5話 シリーズの中で出来が良い作品。冬服に戸惑わない方がいいです。

{netabare} この「伯林あげぱん」の話は日常系推理としての出来が良く、与えられた素材から推理される内容もその推理が必要で小鳩が巻き込まれる過程も、自然に描けていたかなと思います。「氷菓」の面白さに匹敵するコミカルな感じも良かったと思います。

 そして、小佐内ゆきというキャラの性格というか行動原理が適格に表現されていて、そこの使い方が見事です。話の導入として読者の疑問を掻き立てるのが非常に上手かったです。
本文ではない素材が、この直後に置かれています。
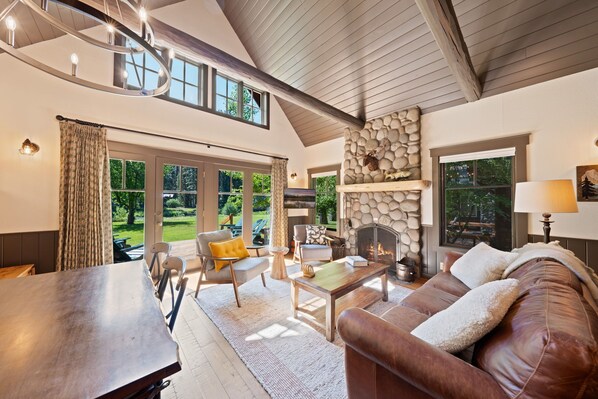 Step onto the back porch to enjoy breathtaking river views and vibrant foliage, or gather in the inviting living area where a plush sofa and armchairs surround a stone fireplace—perfect for cozy evenings with a book, a movie, or quality time with friends and family.
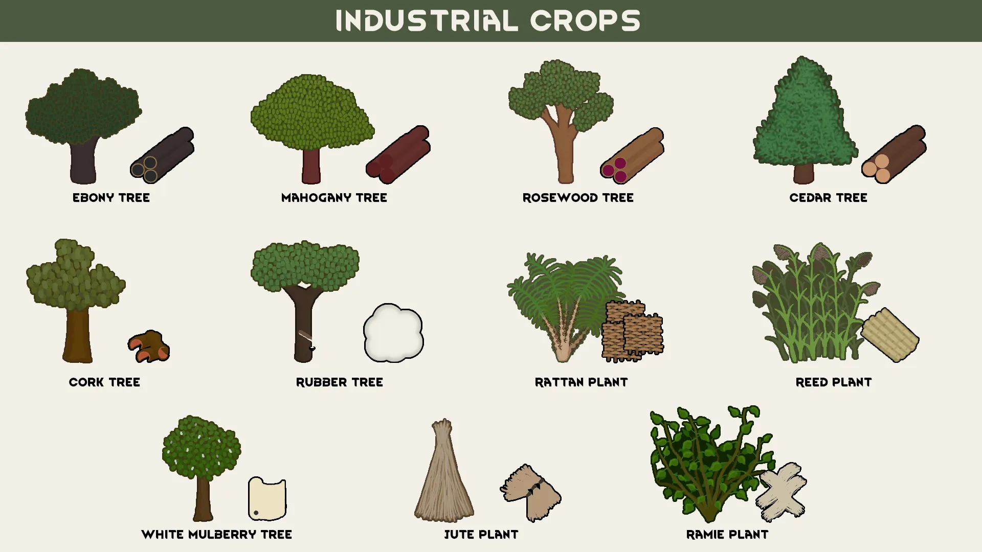 [b]Plants with great potential. These plants aren’t just eye candy - they supply fibers for clothes, tough wood for building, and a bunch of awesome materials that kick your colony’s industry into high gear.[/b]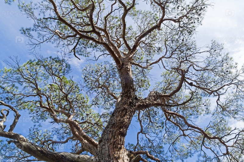Крона реликтовой сосны на фоне неба. Новый Свет, Крым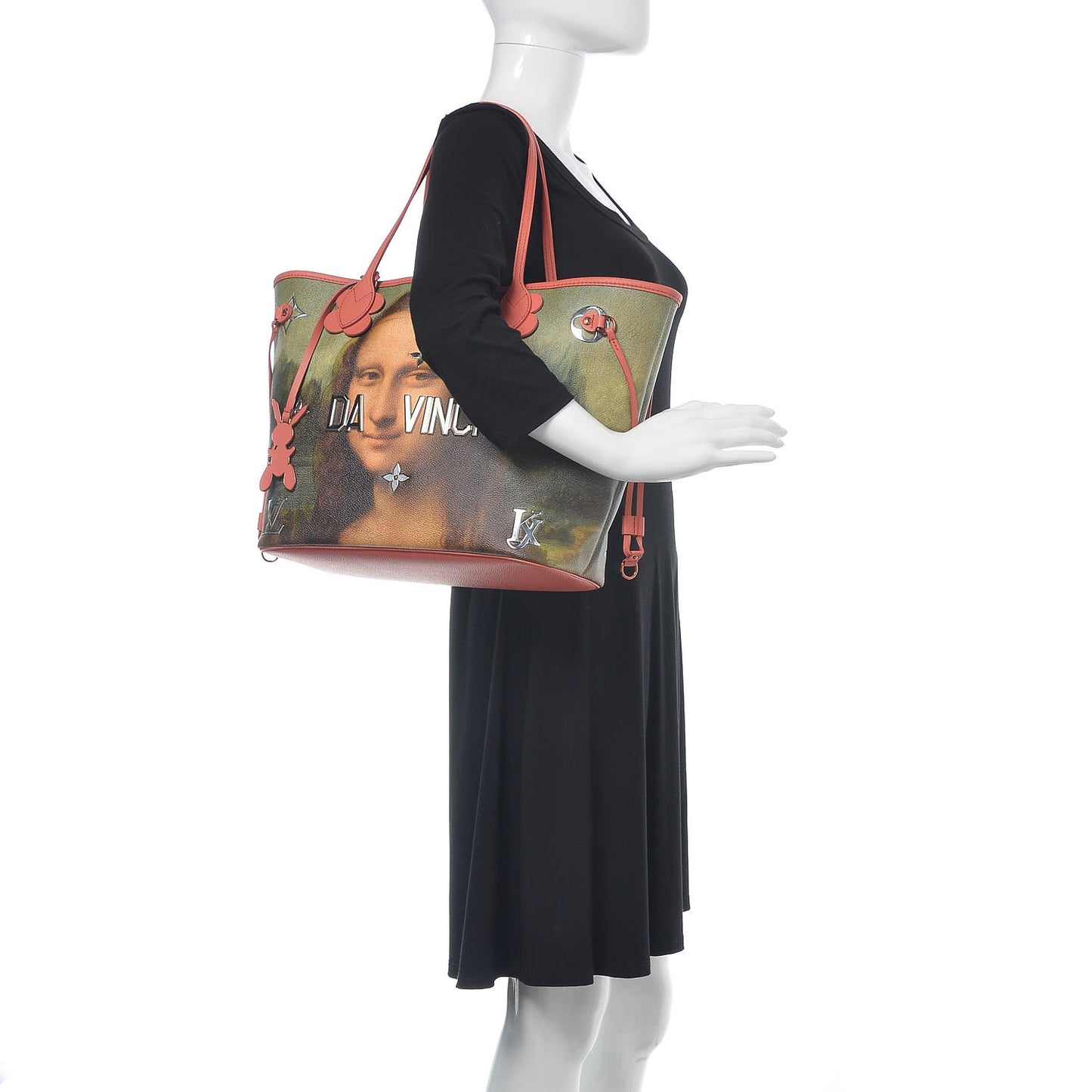 This is an authentic LOUIS VUITTON Masters Jeff Koons Da Vinci Neverfull MM. This chic tote is made of a rendition of a Da Vinci painting of Mona Lisa on a coated canvas. The shoulder bag features pink calfskin leather trim, leather shoulder straps, silver Monogram serti flower shapes and bold silver reflective metallic letters that spell Da Vinci. The wide top is open to a pink leather interior with a hanging zipper pocket, printed and filled with silver that tells you more about this exciting collaboration and a matching removable pochette. This is an excellent tote for everyday wear, by Louis Vuitton!Follow this item for alerts. Louis Vuitton is a registered trademark of Louis Vuitton. FASHIONPHILE is not affiliated with Louis Vuitton.

加えて堂島が新聞部ということも活用できています。

 ただ、少し画面から違和感を感じないでしょうか?5月の設定なのにどう見ても冬の印象を持つ作画、美術、色彩になってませんか?
 直接推理にも話の面白さにも引っ掛からないのでネタバレすると、本話は「巴里マカロンの謎」に収録されていて、時間軸でいえば1年生の冬になります。(追記 さっきまで2年の冬だと思ってましたが、原作確認したら間違っていました)

 この話は本来原作では1年生の年末に近い時期の話で、「春季限定」と「夏季限定」の間の話になります。それがアニメだと小鳩はいきなり2年A組になっています。春と夏の間という時間軸は変わらないのですが、部室のホワイトボードは「5月」と表示されています。つまり、無理やり2年生の5月の話だと改変しています。
(追記 そうそう、なぜ仲良くなさそうな新聞部でこんなことをしたかと言えば、原作では年末の取材の一環でした。ベルリーナー・プファンクーヘンはドイツでは大晦日または2月の謝肉祭に食べられることが多いそうです。それは調べないとわからないのでまあいいでしょう)
 
 話そのものに影響はないのです。ですが、5月なのに画面が寒々しく全員がきっちり制服を着ています。部室の窓もしまっています。午後4時45分なのに夕日になっています。つまり、冬のつもりで作っている人、5月のつもりで作っている人が混在しているような不思議な画面になっています。これは何か事情があるのでしょうか?

 その画面上の不自然さはおいて置いて、これを説明というか何もなくいきなりここに差し込むのは、アニメとして効果的かどうかは疑問です。まあ、これから「夏季限定」が始まるので2年生にいきなりなっていると戸惑うので、無理やりここにいれたのでしょう。ただ、アニメとして説明が不十分すぎます。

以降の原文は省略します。